What is required: Lines in the listing below that hold "LISC" are the ones to copy.

Dataset:
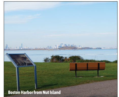
Boston Harbor from Nut Island
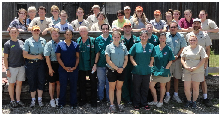
To learn more, or donate, visit www.peteremilyfoundation.org .

We are beyond grateful for the amazing charitable gifts and talents of this non-profit Foundation and hope to host another mission here in 2015. We thank them all!
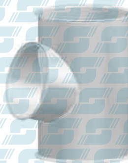
TUBI DI ISPEZIONE 75° INSPECTION SPOUTS 75°
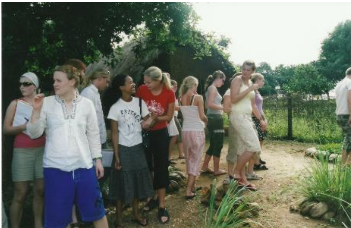
Picnicking with classmates
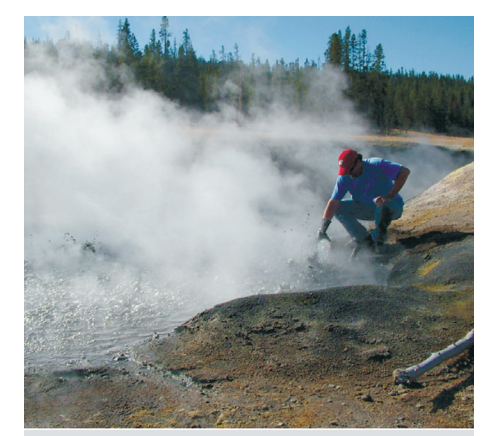
Scientist bioprospecting for microbes at Yellowstone National Park.
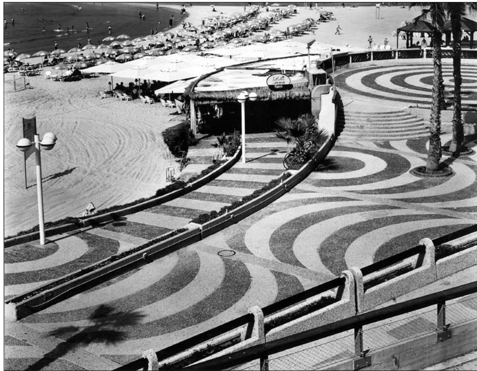
Gordon Beach N#2
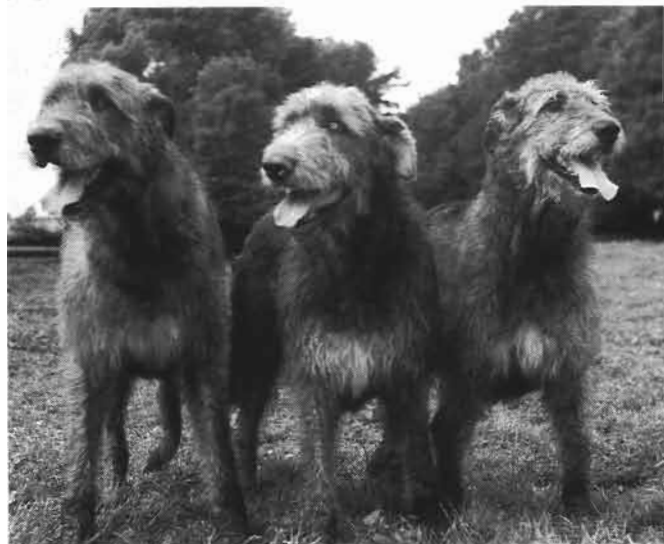
The Next Generation - OWENMORE OSPREY - 10 Months By: Keereen The Conqueror Ex: Ch Owenmore Kestrel
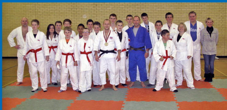
Members of the Fighting Chance Judo Inclusion Programme
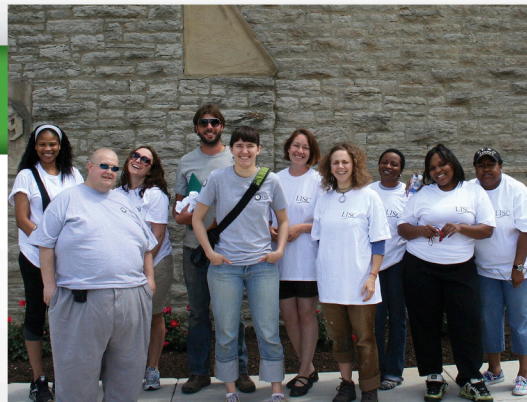
AmeriCorps members with LISC staff

Fourteen LISC AmeriCorps members brought new talent to the community development field in 2012. Agencies with an AmeriCorps member this year included all four FOC sites, the Legal Aid Society of Greater Cincinnati, and Groundwork Cincinnati - Mill Creek.
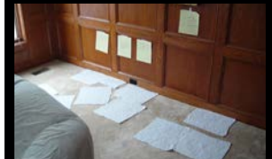
No Messy, Stinky Towels!
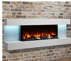
60" Floating Mantel Kit for Format
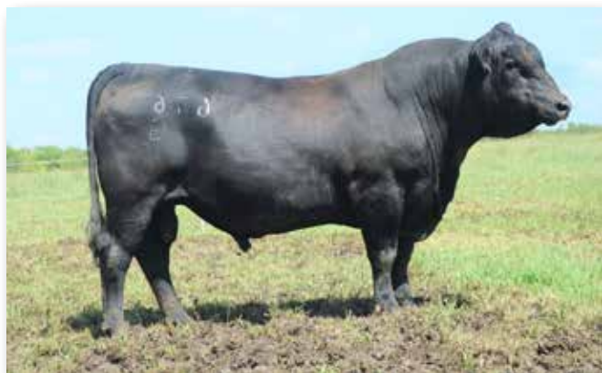
Lot 83 - CK Upgrade D 676G
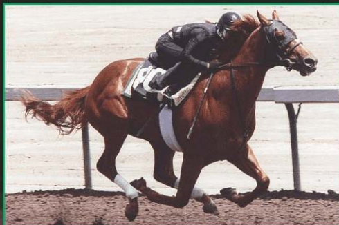
Hip #80 Unbridled Slew, by Red Bullet

UNBRIDLED SLEW recorded the fastest 1/8 work ever by a 2yo at auction – :9.60 seconds
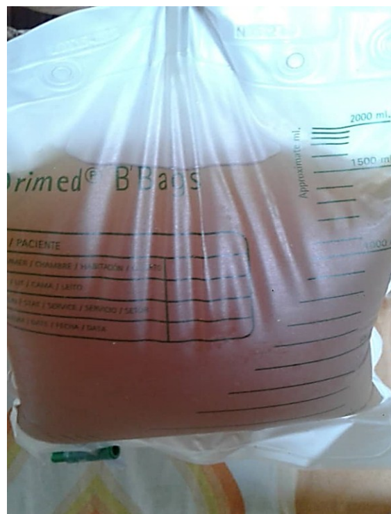
Figure :(2). Urine bag of the same patient after completion of one week of antibiotic therapy.
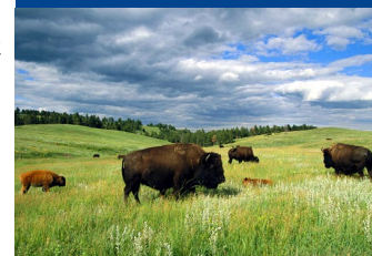
Wildlife enhances the pristine Black Hills

Departure: Our Lady of Mount Carmel, 39 St. Johns St, Amsterdam, NY @ 8 am
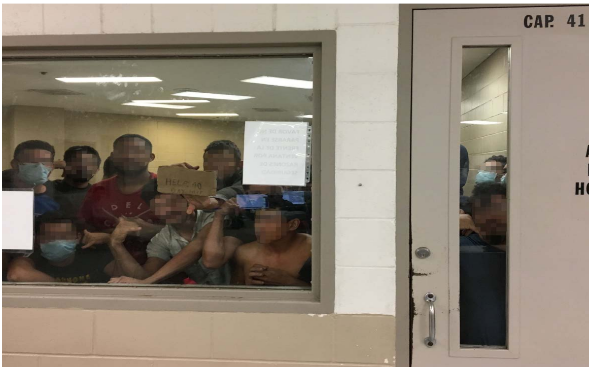
Figure 6. Eighty-eight adult males held in a cell with a maximum capacity of 41, some signaling prolonged detention to OIG Staff, observed by OIG on June 12, 2019, at Border Patrol’s Fort Brown Station.

Senior managers at several facilities raised security concerns for their agents and the detainees. For example, one called the situation “a ticking time bomb.” Moreover, we ended our site visit at one Border Patrol facility early because our presence was agitating an already difficult situation. Specifically, when detainees observed us, they banged on the cell windows, shouted, pressed notes to the window with their time in custody, and gestured to evidence of their time in custody (e.g., beards) (see figure 6).
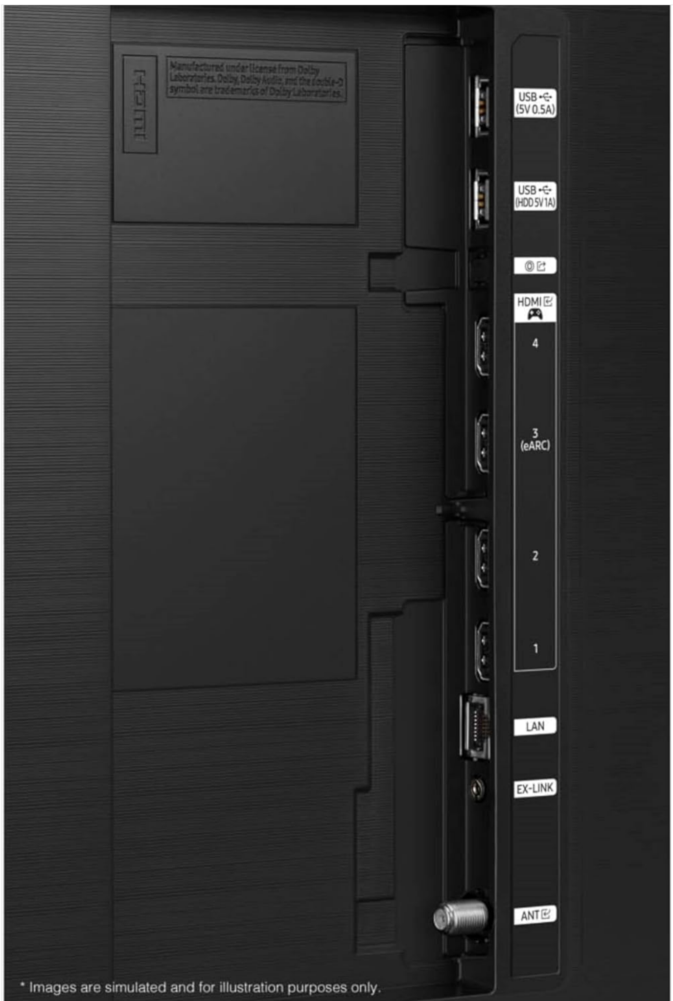
Figure 4.1: Rear view of the TV with input ports.
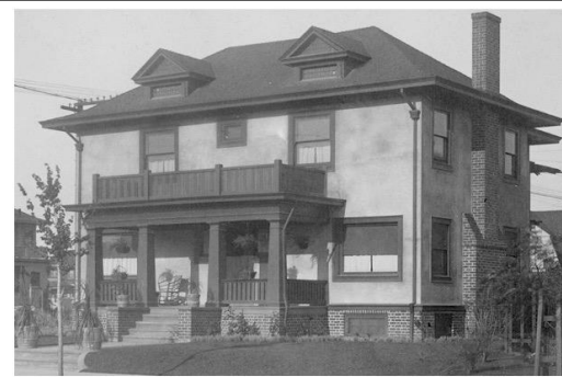
617 21 st (in about 1912)
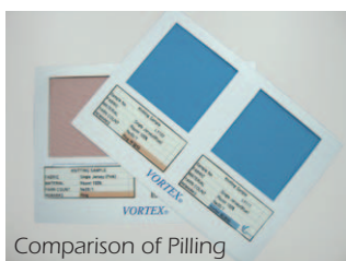
Comparison of Pilling

Solved problem:
AmeriCorps members with LISC staff
Fourteen LISC AmeriCorps members brought new talent to the community development field in 2012. Agencies with an AmeriCorps member this year included all four FOC sites, the Legal Aid Society of Greater Cincinnati, and Groundwork Cincinnati - Mill Creek.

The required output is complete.